If this were any other Atlanta Braves season over the past seven years, the news that Chris Sale and Spencer Schwellenbach might be returning to the mound in August would feel like a launch sequence. Injured arms back just in time for a playoff push? Cue the October montage. But 2025 is not like other seasons.
This year, the Atlanta Braves are 13 games under .500 with just days to go before the MLB Trade Deadline — and everything points to them being sellers, not contenders. So when whispers began to swirl about possibly shutting pitchers down for the rest of the season and saving them for 2026, it didn’t sound far-fetched.
But manager Brian Snitker isn’t buying that narrative at all. “I think it’s big for a guy to go into the offseason not in rehab,” Snitker said this week. “I think I’ve seen over the years that’s a big difference.”
It’s not just about innings or stat sheets. It’s about normalcy, and for Snitker, that matters. He wants guys like Sale and Schwellenbach, both eligible to return before the end of August, to get back on the mound — not to save this season, but to salvage the next one.
Playing the Long Game by Playing Now
There’s a psychological and physical reset that comes from getting back into game action before the offseason hits. Pitchers who go into winter without a rehab timeline hanging over them typically show up to Spring Training more prepared — mentally sharp, physically whole, and not stuck trying to ramp up after missing months.
In other words, even if the Braves don’t finish .500 this year, getting these arms back into a groove could be a domino effect that sets up 2026 to look a whole lot more like what Atlanta fans are used to.
Chris Sale, who’s dealt with a carousel of injuries in recent years, didn’t even get to finish his Cy Young-level season this year on his own terms.

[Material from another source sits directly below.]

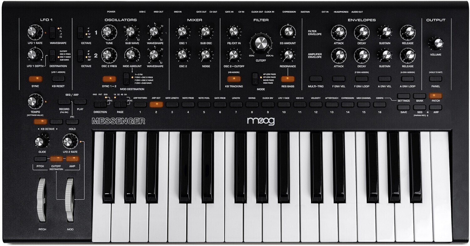 È arrivato un nuovo modo di sperimentare, comunicare e connettersi attraverso il suono. Si chiama Messenger ed è il nuovo sintetizzatore analogico monofonico firmato Moog, un omaggio ai circuiti classici che hanno fatto la storia della sintesi, arricchito da funzionalità moderne pensate per dare forma al futuro del sound design. Messenger è stato progettato per musicisti elettronici, produttori, sound designer e appassionati dell’analogico, offrendo uno strumento versatile e potente adatto a ogni fase del percorso musicale, indipendentemente dal livello di esperienza. Il suo layout intuitivo, con controlli ben visibili e diretti, invita all’esplorazione immediata e consente una comprensione profonda delle tecniche di sintesi. Per chi si affaccia per la prima volta a questo mondo, Messenger rappresenta il punto di partenza ideale. Per gli utenti esperti, invece, offre una reinterpretazione innovativa dei circuiti analogici Moog più amati, con caratteristiche avanzate che lo rendono perfetto sia sul palco che in studio. Tra le sue caratteristiche principali, Messenger vanta due oscillatori con funzionalità di wavefolding, un sub-oscillatore con forme d’onda variabili, due inviluppi ADSR a ciclo continuo, una tastiera a 32 tasti full-size semi-pesati con aftertouch e velocity, e il celebre filtro ladder Moog, aggiornato con compensazione dei bassi in risonanza, slope multipli e vera funzionalità multimodo. Messenger offre 256 preset onboard per salvare e richiamare immediatamente i suoni preferiti. Dispone di un arpeggiatore intuitivo, ingressi per pedale sustain ed espressione, oltre a un sequencer esclusivo con controlli probabilistici e piena compatibilità con Eurorack, rendendolo il cuore perfetto di qualsiasi setup, sia domestico che professionale. È in grado di generare lead potenti, bassi profondi e vibranti, pad delicati, arpeggi fluidi, percussioni personalizzate e droni complessi. La sua capacità di modellare anche i suoni più inusuali lo rende uno strumento capace di trasformare la percezione stessa del mondo sonoro. Messenger eredita il DNA dei monosynth Moog più iconici come Minimoog Model D, Voyager, Grandmother e Subsequent 37, reinterpretando il formato con circuiti inediti e un suono analogico senza tempo. Il filtro ladder, simbolo del suono Moog, si rinnova grazie a un design innovativo che ne mantiene l’impronta sonora leggendaria ma consente la preservazione delle frequenze basse anche con risonanza elevata. Alla classica pendenza di filtro passa basso a 4 poli si aggiunge ora anche una modalità a 2 poli. La tastiera da 32 tasti full-size, semi-pesati, con aftertouch e velocity, la robusta scocca in metallo, le 256 memorie e l’interfaccia a manopola-per-funzione offrono una suonabilità diretta ed efficace, ideale anche per le performance dal vivo. Il sequencer integrato permette di registrare fino a 64 step, con funzioni di randomizzazione e registrazione dei parametri per una composizione sempre creativa e ispirata. Con due inviluppi ADSR loopabili, due LFO e numerose opzioni di modulazione audio-rate, Messenger diventa un vero e proprio playground sonoro, offrendo un’ampia libertà espressiva. La connettività completa include sei uscite CV analogiche, un ingresso audio esterno, connessioni per pedali, MIDI DIN a 5 pin e MIDI su USB-C, garantendo l’integrazione fluida con qualsiasi sistema di produzione o performance. Messenger è molto più di un sintetizzatore: è un ponte tra passato e futuro, tra tecnica e ispirazione.

He was scratched from a Game 162 start and hasn’t pitched since mid-September. Just getting him back out there — healthy — would be a massive moral win.
Same goes for Reynaldo López, Joe Jiménez, Spencer Schwellenbach and any other bruised-up Brave who’s been sidelined this year. For the guys who can return, Snitker wants them to return — not because the Braves are chasing October, but because this season’s final innings could be the first steps toward next spring.
Braves Fans Deserve a Glimpse of What’s Next
The 2025 season hasn’t gone the way anyone expected. But for a fanbase that’s watched this team ride waves of dominance for most of the decade, there’s still something to be said for finishing strong — not for the standings, but for the future foundation.
Seeing Sale stride back to the mound, Schwellenbach flash his promise, or López sling heat again won’t make the playoffs magically reappear. But it might just give Braves fans what they really need: a reason to believe again.
And if that means turning the page with confidence — and a full rotation of healthy arms — then those late-season innings might be more important than they seem.